■ ABOUT THIS EXERCISE: The records below must be transcribed exactly. Do not include the pictures.

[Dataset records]
⟨

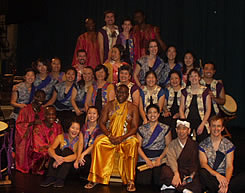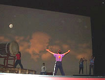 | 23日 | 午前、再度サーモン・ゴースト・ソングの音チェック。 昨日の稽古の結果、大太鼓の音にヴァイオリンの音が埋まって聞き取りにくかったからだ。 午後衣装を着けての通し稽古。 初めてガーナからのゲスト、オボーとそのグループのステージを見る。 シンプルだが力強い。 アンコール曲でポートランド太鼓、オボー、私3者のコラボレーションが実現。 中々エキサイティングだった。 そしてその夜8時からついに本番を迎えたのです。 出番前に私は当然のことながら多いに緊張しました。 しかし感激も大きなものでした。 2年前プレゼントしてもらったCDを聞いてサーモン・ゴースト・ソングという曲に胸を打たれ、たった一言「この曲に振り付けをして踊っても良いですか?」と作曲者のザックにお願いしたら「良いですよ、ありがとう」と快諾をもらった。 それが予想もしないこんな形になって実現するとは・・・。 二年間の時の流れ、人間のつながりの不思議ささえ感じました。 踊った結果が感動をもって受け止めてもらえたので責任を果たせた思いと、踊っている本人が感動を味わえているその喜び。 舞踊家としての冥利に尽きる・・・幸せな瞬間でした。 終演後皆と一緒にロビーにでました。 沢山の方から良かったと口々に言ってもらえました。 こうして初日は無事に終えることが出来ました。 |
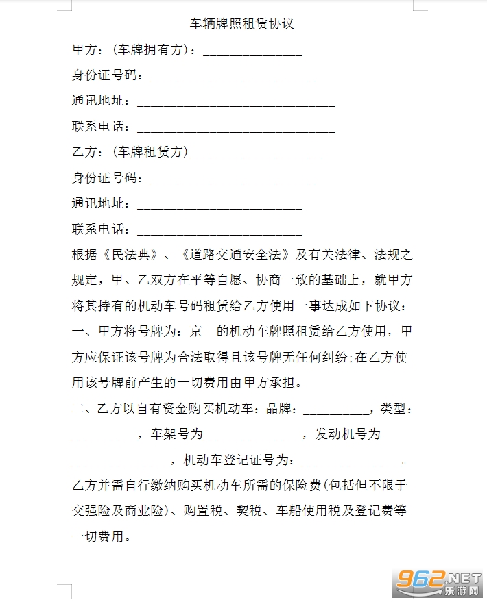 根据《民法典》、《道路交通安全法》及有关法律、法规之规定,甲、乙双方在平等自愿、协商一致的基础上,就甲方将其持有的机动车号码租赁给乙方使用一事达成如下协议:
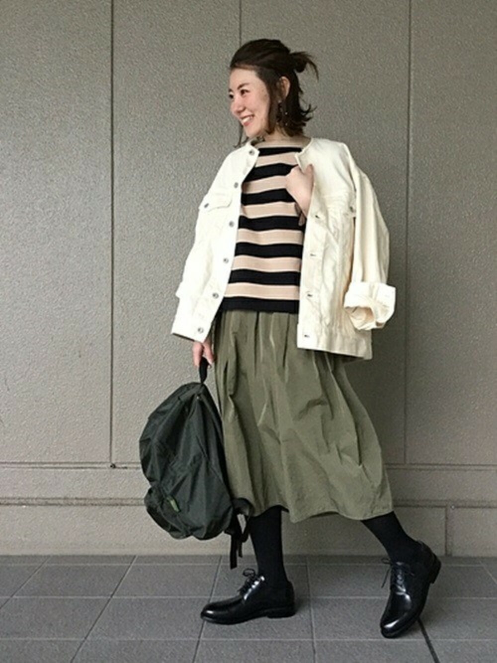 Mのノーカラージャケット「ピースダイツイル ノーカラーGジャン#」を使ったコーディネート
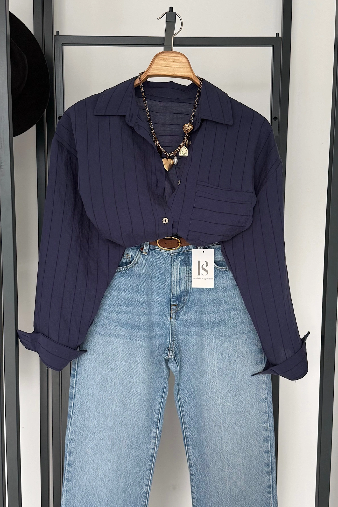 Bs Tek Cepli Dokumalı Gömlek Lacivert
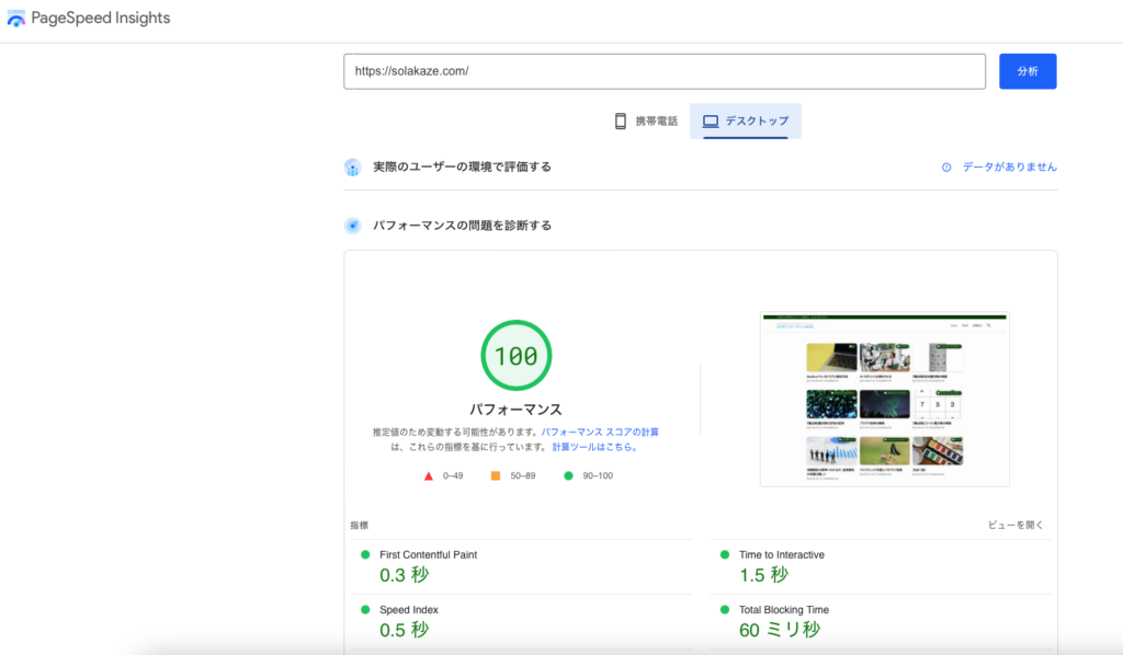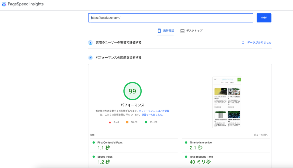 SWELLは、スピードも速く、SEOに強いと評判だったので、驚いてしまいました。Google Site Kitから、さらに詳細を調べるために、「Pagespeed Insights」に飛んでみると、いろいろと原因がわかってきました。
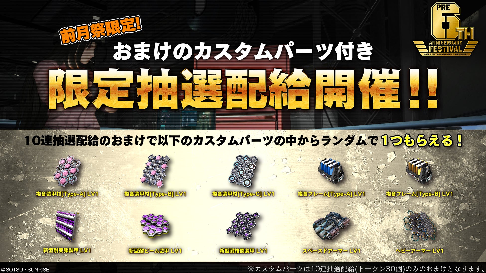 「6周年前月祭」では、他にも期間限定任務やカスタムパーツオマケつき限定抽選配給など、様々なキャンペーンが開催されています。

⟩

■ RESULT BELOW:
 | 23日 | 午前、再度サーモン・ゴースト・ソングの音チェック。 昨日の稽古の結果、大太鼓の音にヴァイオリンの音が埋まって聞き取りにくかったからだ。 午後衣装を着けての通し稽古。 初めてガーナからのゲスト、オボーとそのグループのステージを見る。 シンプルだが力強い。 アンコール曲でポートランド太鼓、オボー、私3者のコラボレーションが実現。 中々エキサイティングだった。 そしてその夜8時からついに本番を迎えたのです。 出番前に私は当然のことながら多いに緊張しました。 しかし感激も大きなものでした。 2年前プレゼントしてもらったCDを聞いてサーモン・ゴースト・ソングという曲に胸を打たれ、たった一言「この曲に振り付けをして踊っても良いですか?」と作曲者のザックにお願いしたら「良いですよ、ありがとう」と快諾をもらった。 それが予想もしないこんな形になって実現するとは・・・。 二年間の時の流れ、人間のつながりの不思議ささえ感じました。 踊った結果が感動をもって受け止めてもらえたので責任を果たせた思いと、踊っている本人が感動を味わえているその喜び。 舞踊家としての冥利に尽きる・・・幸せな瞬間でした。 終演後皆と一緒にロビーにでました。 沢山の方から良かったと口々に言ってもらえました。 こうして初日は無事に終えることが出来ました。 |
 根据《民法典》、《道路交通安全法》及有关法律、法规之规定,甲、乙双方在平等自愿、协商一致的基础上,就甲方将其持有的机动车号码租赁给乙方使用一事达成如下协议:
 Mのノーカラージャケット「ピースダイツイル ノーカラーGジャン#」を使ったコーディネート
 Bs Tek Cepli Dokumalı Gömlek Lacivert
 SWELLは、スピードも速く、SEOに強いと評判だったので、驚いてしまいました。Google Site Kitから、さらに詳細を調べるために、「Pagespeed Insights」に飛んでみると、いろいろと原因がわかってきました。
 「6周年前月祭」では、他にも期間限定任務やカスタムパーツオマケつき限定抽選配給など、様々なキャンペーンが開催されています。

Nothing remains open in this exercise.